Your objective: Give back the data exactly, with no images.

(Beginning of Data under study)

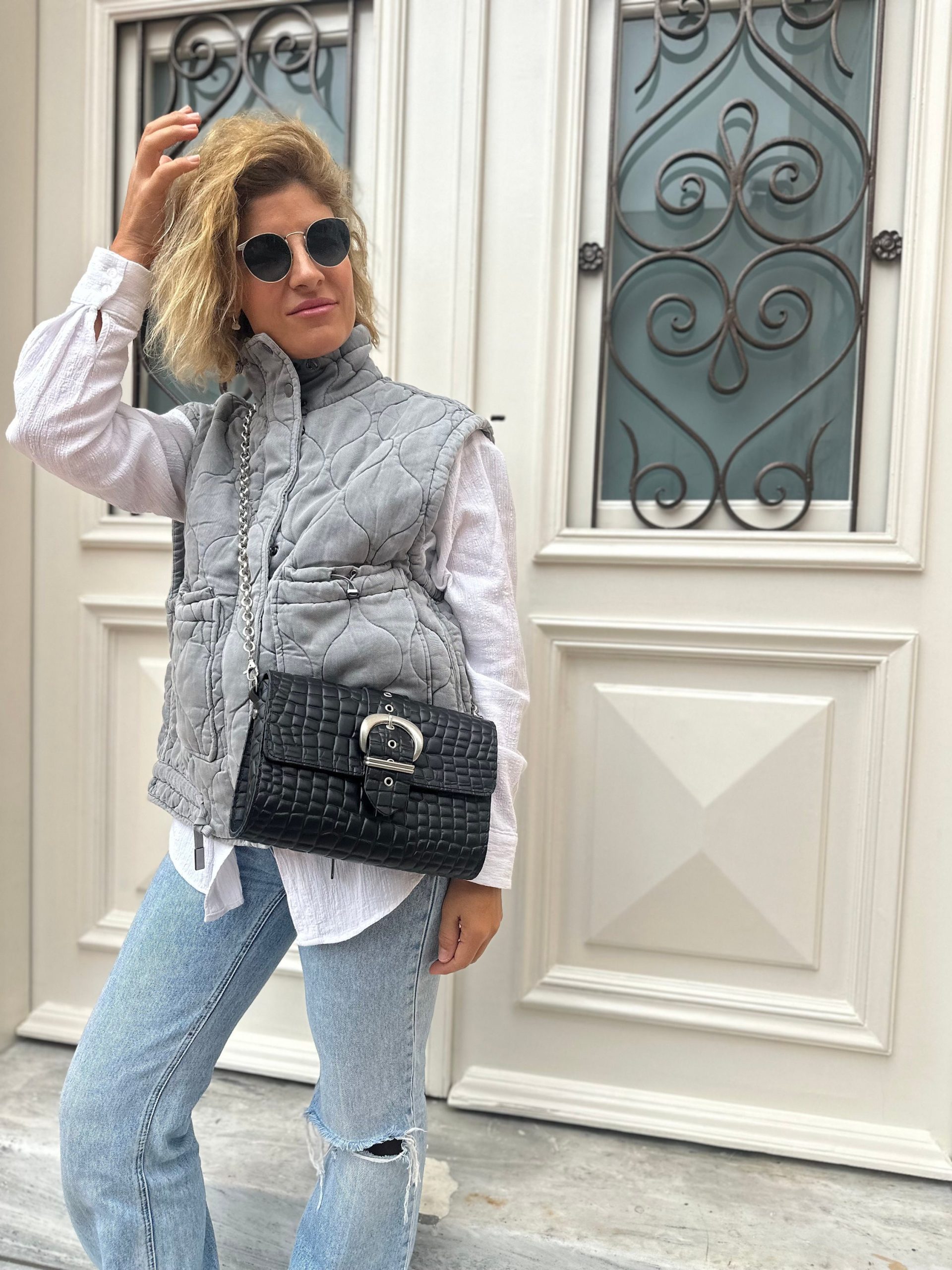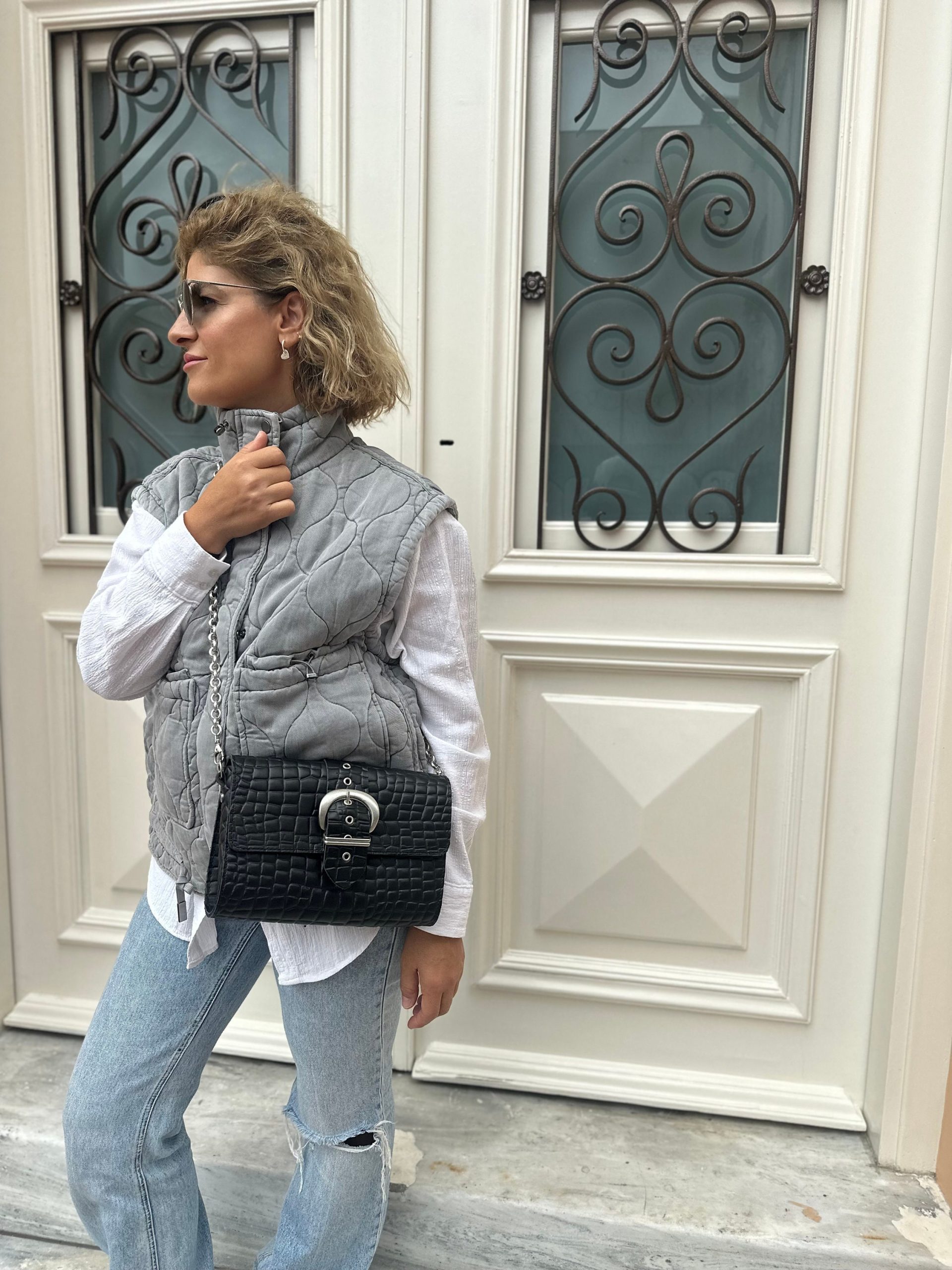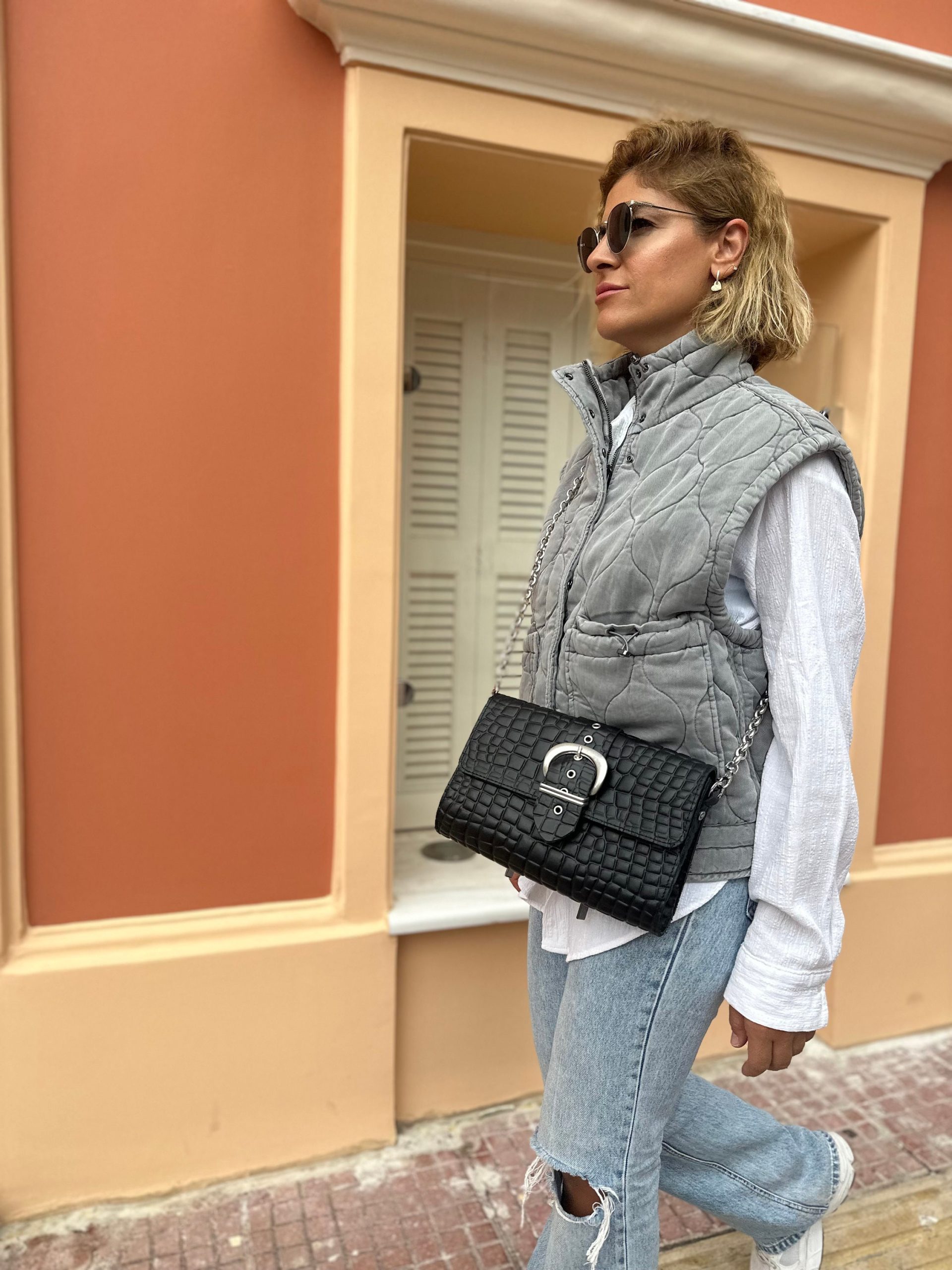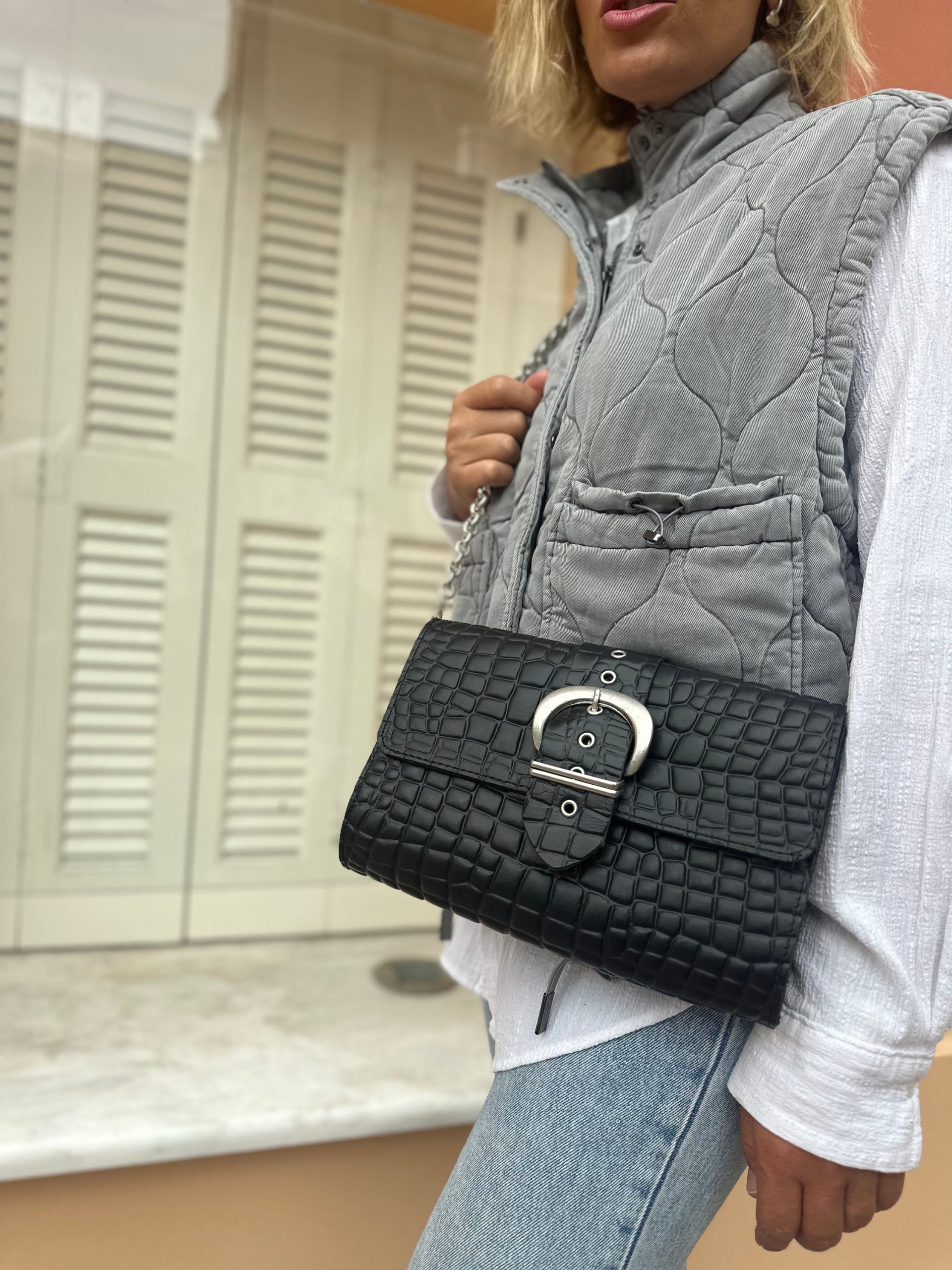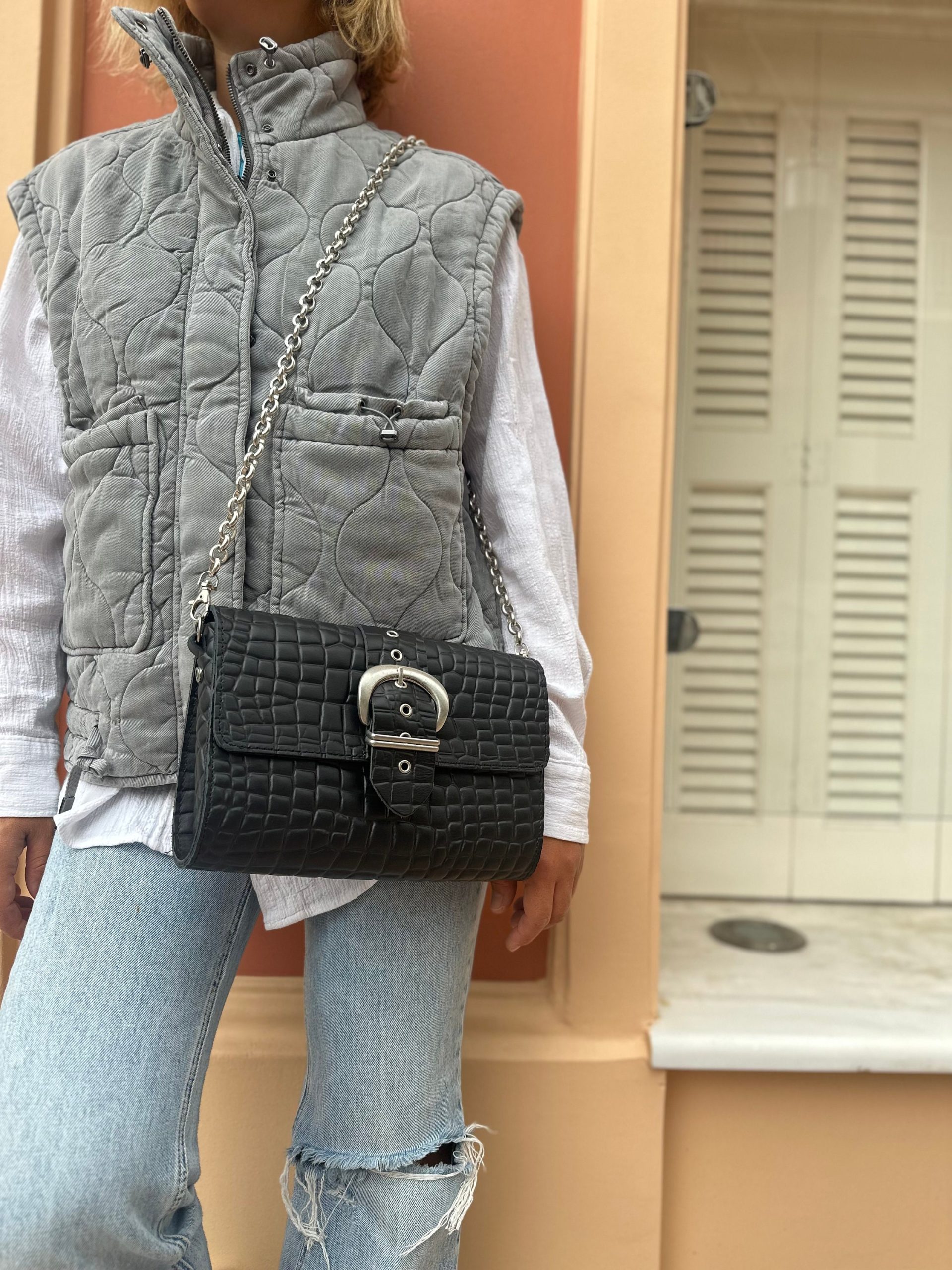 Black Leather Shoulder Bag Women Purse Silver Chain
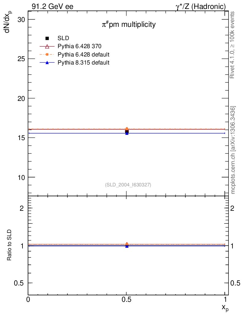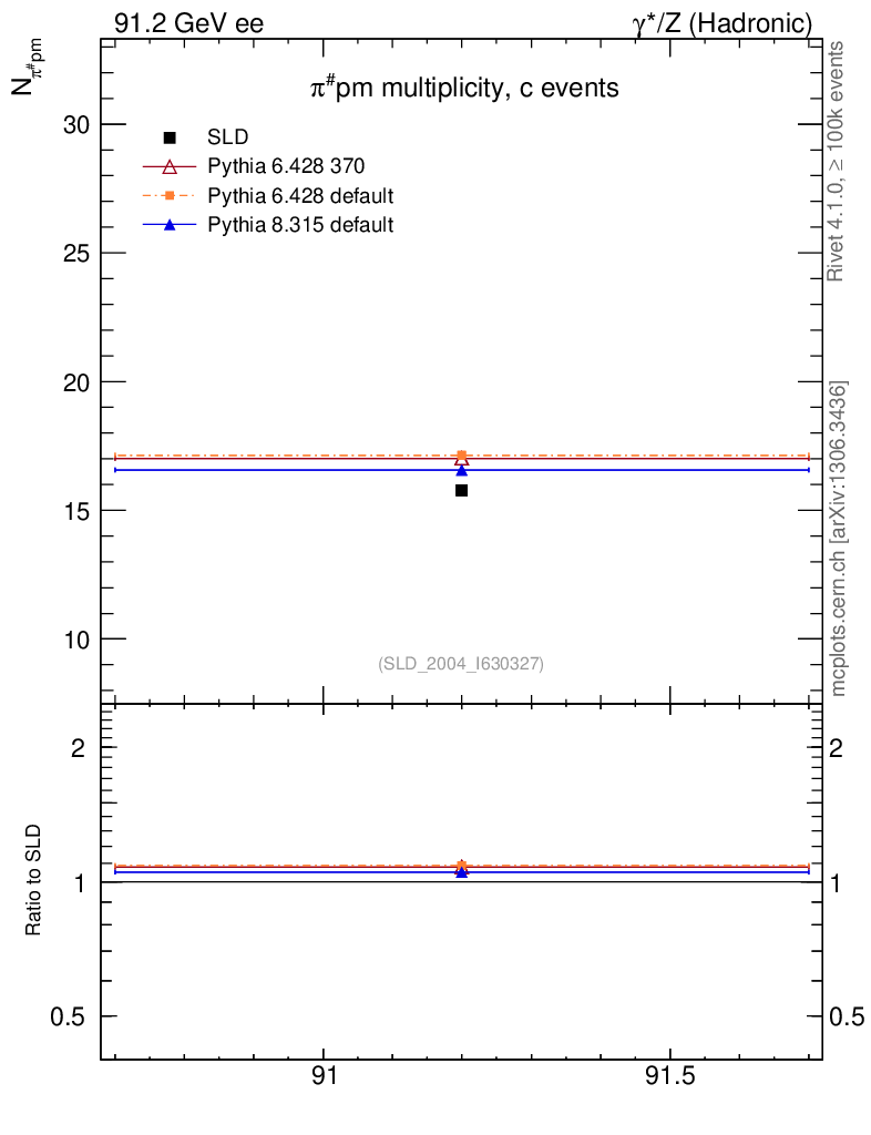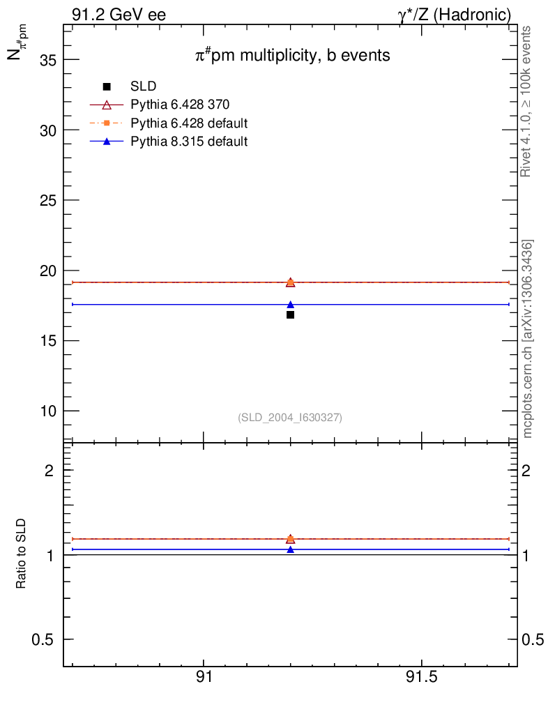 ee : γ*/Z (hadronic) : Identified Particles : π multiplicity
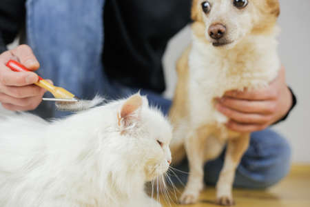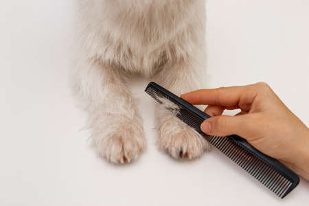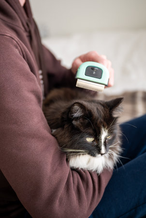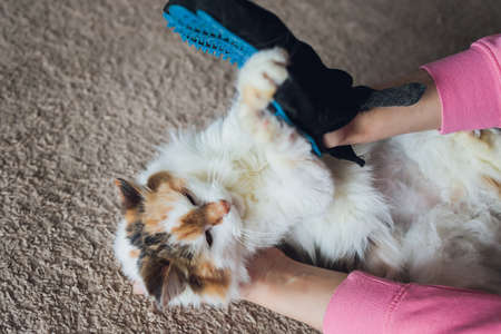 person brushing fur from domestic cat with furminator. cat grooming at home.
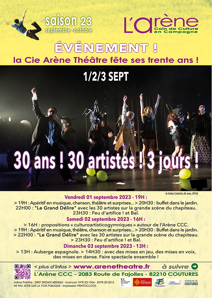 Evènement ! La Cie Arène Théâtre a 30 ans ! Chansons, musiques, danse, surprises, "Le Grand Délire", buffet, feu d’artifice, bal... !
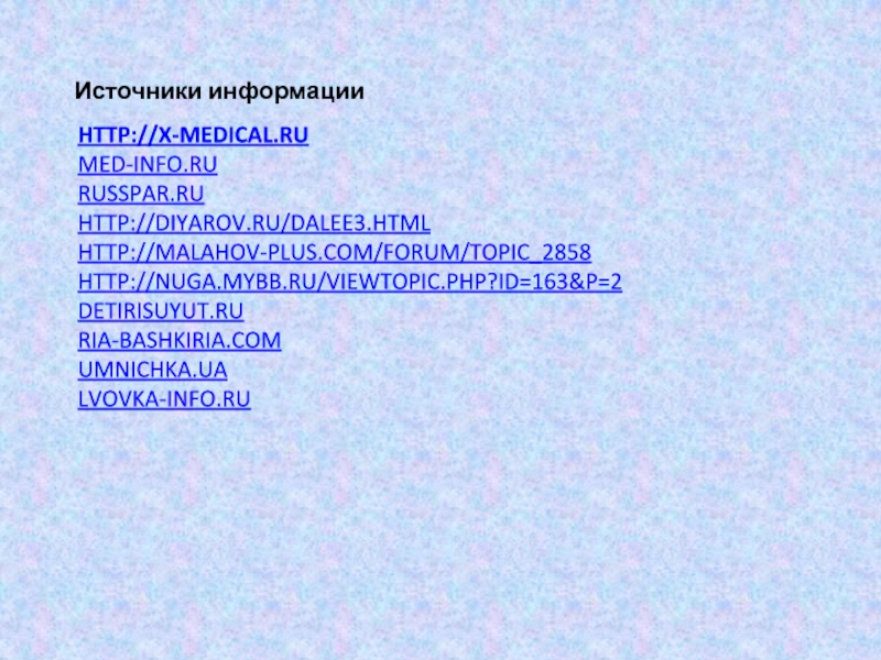 http://x-medical.ru med-info.ru russpar.ru http://diyarov.ru/dalee3.html http://malahov-plus.com/forum/topic_2858 http://nuga.mybb.ru/viewtopic.php?id=163&p=2 detirisuyut.ru ria-bashkiria.com umnichka.ua lvovka-info.ru  Источники информации
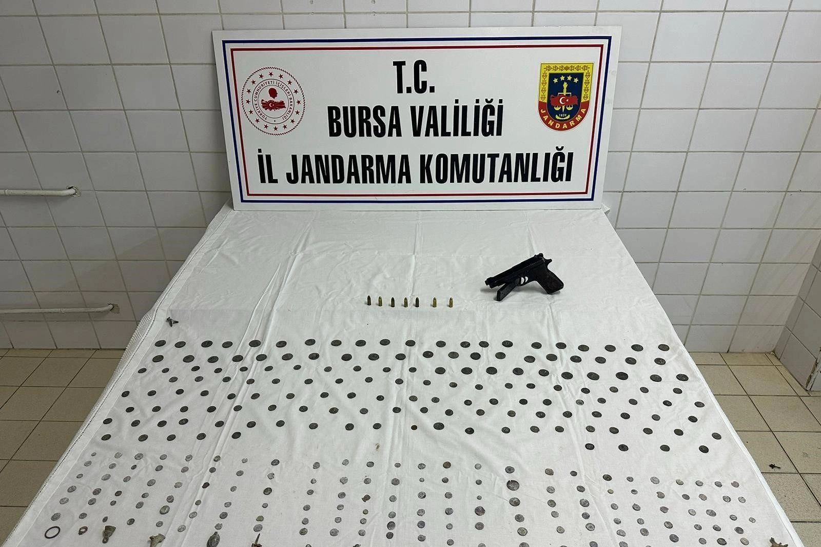 Bursa İl Jandarma komutanlığı ekipleri tarafından düzenlenen tarihi eser kaçakçılığı ile mücadele operasyonu çerçevesinde, tarihi eser sattığı tespit edilen A.M. (44) ve M.A.D. (30) isimli şahıslar yakalandı. Yapılan operasyonda şüphelilerin tarihi eserleri satmak için Nilüfer ilçesi Atlas Mahallesi Çamlık mevkiine gelecekleri tespit edildi. Şahısların üzerlerinde ve kamyonette yapılan aramada Roma dönemine ait 297 adet tarihi sikke, 30 adet tarihi obje, 1 adet tabanca ve fişek ele geçirildi. Olayla ilgili şüpheliler A.M. ile M.A.D. isimli şahısların işlemlerinin devam ettiği öğrenildi.

(End of Data under study)

Your response:
 Black Leather Shoulder Bag Women Purse Silver Chain
 ee : γ*/Z (hadronic) : Identified Particles : π multiplicity
 person brushing fur from domestic cat with furminator. cat grooming at home.
 Evènement ! La Cie Arène Théâtre a 30 ans ! Chansons, musiques, danse, surprises, "Le Grand Délire", buffet, feu d’artifice, bal... !
 http://x-medical.ru med-info.ru russpar.ru http://diyarov.ru/dalee3.html http://malahov-plus.com/forum/topic_2858 http://nuga.mybb.ru/viewtopic.php?id=163&p=2 detirisuyut.ru ria-bashkiria.com umnichka.ua lvovka-info.ru  Источники информации
 Bursa İl Jandarma komutanlığı ekipleri tarafından düzenlenen tarihi eser kaçakçılığı ile mücadele operasyonu çerçevesinde, tarihi eser sattığı tespit edilen A.M. (44) ve M.A.D. (30) isimli şahıslar yakalandı. Yapılan operasyonda şüphelilerin tarihi eserleri satmak için Nilüfer ilçesi Atlas Mahallesi Çamlık mevkiine gelecekleri tespit edildi. Şahısların üzerlerinde ve kamyonette yapılan aramada Roma dönemine ait 297 adet tarihi sikke, 30 adet tarihi obje, 1 adet tabanca ve fişek ele geçirildi. Olayla ilgili şüpheliler A.M. ile M.A.D. isimli şahısların işlemlerinin devam ettiği öğrenildi.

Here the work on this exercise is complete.